Низложенный маг с интересом посмотрел в древние, словно бушующий за стенами «Сирены» океан, глаза. На какой-то миг ему показалось, что в них мелькнуло что-то вроде мольбы. Впрочем, это было лишь игрой воображения, усугублённой пляской теней. Потому-то Торой вновь безразлично пожал плечом.
Йонех суетливо помял ладони, хрустнул суставами тонких пальцев, нервно покрутил широкое серебряное кольцо, украшающее мизинец, и продолжил:
– Много лет назад брат передал мне на хранение одну старинную реликвию. Он вручил её со словами: «Когда жизнь нашего рода окажется под угрозой – отдай эту вещь тому, кто сможет исправить ситуацию. Отдай и никогда не жалей». И вот, время пришло, хотя я всей душой надеялся не дожить до этого скорбного дня.
Торой в очередной раз поразился цветистости оборотов. Ну, надо же, род Йонеха, того и гляди, замкнётся на одном единственном наследнике – лефийце, а старейшина тем временем рассыпается в витиеватых выражениях, расписывая своё бедственное положение. Нет, всё-таки эти эльфы – странный, совершенно неподдающийся логике народ.
Низложенный волшебник неопределённо повёл бровями:
– Йонех, давай без излишнего пафоса. Ты же знаешь, я – эгоистичный негодяй, так что не надо давить на жалость. Может, мне и не нужна вовсе твоя реликвия.
Эльф, уязвлённый в самое сердце, поджал губы, но, тем не менее, продолжил:
– Это рунический нож, сомневаюсь, что именно тебе он не нужен.
Торю стоило немалых усилий сохранить невозмутимость. Но он выстоял. Эльф, внимательно вглядывающийся в размытое потёмками лицо собеседника, кажется, даже остался удивлён подобным хладнокровием. Во всяком случае, уважения в его взгляде прибавилось.
Низложенный волшебник тем временем помолчал, осмысливая полученную информацию, отхлебнул эля, посмотрел на тлеющую в бутылке свечу, пожевал губами и, наконец, произнёс:
– И откуда у твоего брата взялась этакая вещица?
Йонех тонко улыбнулся:
– Прости, волшебник, но это не твоё дело.
– Очень ошибаешься. – Холодно заверил его Торой, – Как раз моё. Знаешь, совершенно не хочу, чтобы мне втюхали бестолковую железку под видом древнейшего артефакта.

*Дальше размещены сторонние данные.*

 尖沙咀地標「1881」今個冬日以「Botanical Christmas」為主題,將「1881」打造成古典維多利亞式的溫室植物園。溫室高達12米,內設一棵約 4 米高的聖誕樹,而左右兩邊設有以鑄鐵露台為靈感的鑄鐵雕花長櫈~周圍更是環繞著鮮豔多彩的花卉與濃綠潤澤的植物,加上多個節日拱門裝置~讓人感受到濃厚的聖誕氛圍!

Теперь эльф открыто усмехнулся:
– Ты никому не веришь, да?
– Да. – В голосе мага не слышалось ни малейших колебаний. – Никому.
Сидящий напротив остроухий собеседник с пониманием кивнул, и две тонкие косички вновь качнулись в такт движению его головы:
– Ты поверишь моей клятве бессмертного? – Спросил он.
Торой задумался лишь на долю мгновения:
– Клятве эльфа, пожалуй, поверю.
– Тогда я клянусь тебе перед лицом вечности, что нож, какой будет отдан тебе в уплату за проведение обряда над моим потомком, и есть настоящий рунический нож, на который я, после исполнения таинства чернокнижия не стану более притязать.
Низложенный чародей поразмыслил, прикидывая, мог ли эльф произнести клятву таким образом, чтобы она получила ещё какое-то значение. Решив, что подвоха никакого нет, мужчина согласно кивнул:
– Хорошо, тогда по рукам. Ты мне нож, я тебе потомка.
Прозвучало это совершенно по-идиотски, но, тем не менее, справедливо.
* * *
Как водится, у бессмертного народа есть свои горести. Иначе и быть не может. Вот и Йонеха не миновала страшная эльфийская беда, исправить которую по силам только очень сильному (и далеко не белому) чародею.
Именно поэтому древний маг так долго и много рассказывал Торою об эльфийской истории и генеалогии. Низложенный волшебник, хотя и не вынес из лекции ничего нового, собеседника слушал, не перебивая, внимательно и, разумеется, с профессионально отсутствующим видом. Пока эльф распинался, Торой потягивал эль, вдыхая специфический запах моря, соли и водорослей, пропитавший здешние стены.
Йонех вдохновенно, даже с некоторой патетикой, рассказывал о том, каким важным для эльфов является сам факт продолжения рода. (В этот момент пятеро матросов за соседним столиком разразились настоящим взрывом хохота. Остроухий маг поморщился, но речь продолжил так же гладко, даже не запнулся.)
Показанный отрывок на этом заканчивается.